Une solidarité « à géométrie variable » ? Alors que plus de 870 000 civils ont fui la guerre en Ukraine vers les pays limitrophes, des voix s’élèvent pour dénoncer une différence de traitement, médiatique et politique, de la question des réfugiés selon leurs origines. Jusqu’à présent, les centaines de milliers d’Ukrainiens qui fuient la guerre à laquelle se livre la Russie dans leur pays ont reçu un immense élan de solidarité et sont accueillis à bras ouverts en Europe. Mais quand Syriens, Irakiens et Afghans fuyaient eux aussi des conflits locaux, les dirigeants européens ont évoqué une « crise des migrants ».
Cerains propos ont également choqué. En France, le président de la commission des affaires étrangères de l’Assemblée nationale, Jean-Louis Bourlanges (MoDem), a fait polémique en déclarant que les Ukrainiens seraient une « immigration de grande qualité dont on pourra tirer profit ». L’éditorialiste Christophe Barbier a, lui, affirmé qu’il y avait « un geste humanitaire évident » à avoir avec les Ukrainiens, notamment parce qu’ils « sont des Européens de culture ».
Pour Michel Agier, anthropologue et directeur d’études à l’Ecole des hautes études en sciences sociales (EHESS), « la solidarité avec le peuple ukrainien, sur place ou s’exilant, est sans comparaison avec les épisodes précédents » de vagues migratoires.

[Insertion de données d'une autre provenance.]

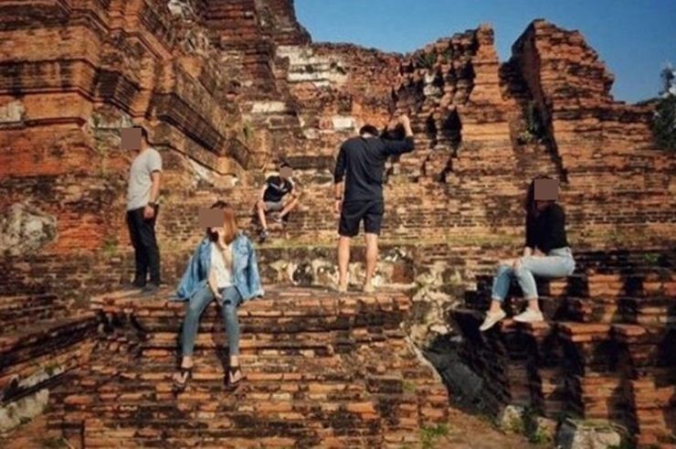 นักท่องเที่ยวถ่ายรูปปีนโบราณสถานมอบตัวตร. อ้างรู้เท่าไม่ถึงการณ์
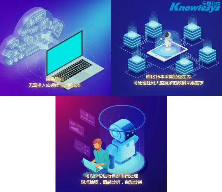 重要的是,乐思大数据交付服务无需技术人员,客户不需要额外花费软硬件等设备和维护与时间成本,就能够直接得到所需要的数据或报告。数据采集全部由技术提供方进行,根据客户要求,数据可经由自然语言处理进行观点抽取、情感分析、人工智能自动分类等,由客户指定数据提交格式:可为API/MDB/CSV/MySQL格式,也可为Word/Excel报告。乐思大数据交付服务为客户提供特定网站的实时数据抽取、定期交付数据或提供实时数据API等服务;也可针对指定网站上的文章、微博的所有转发评论数据、定制论坛版块的数据、指定电商网站目标和价格评价数据等等进行无遗漏搜集整理归档、并人工智能生出详尽的图文报告。

Selon le directeur du département politique de l’Institut convergences migrations, co-auteur de Babels. Enquêtes sur la condition migrante (Points essai, 1 024 p., 12,50 euros), cette solidarité inédite s’explique par les « relations diplomatiques et géopolitiques » de proximité entre l’Ukraine et l’Europe.
Plusieurs pays européens, dont la France, se sont montrés volontaires pour accueillir les réfugiés ukrainiens. Comment expliquer cette posture d’ouverture ?
Michel Agier : D’abord, on peut se réjouir d’entendre des mots de solidarité à l’égard des personnes réfugiées et d’observer un moment de solidarité européenne prendre forme en quelques jours avec l’Ukraine.
Pour beaucoup, l’Ukraine est un pays européen et sa position de pays-tampon avec la Russie en fait une zone sur laquelle toute l’attention des dirigeants européens et mondiaux se porte. La guerre se déroule aux portes de l’Europe. La solidarité avec le peuple ukrainien, sur place ou s’exilant, est sans comparaison avec les épisodes précédents. Cela doit nous éclairer sur un fait général, à savoir que les relations géopolitiques et diplomatiques sont déterminantes dans la reconnaissance du statut de réfugiés.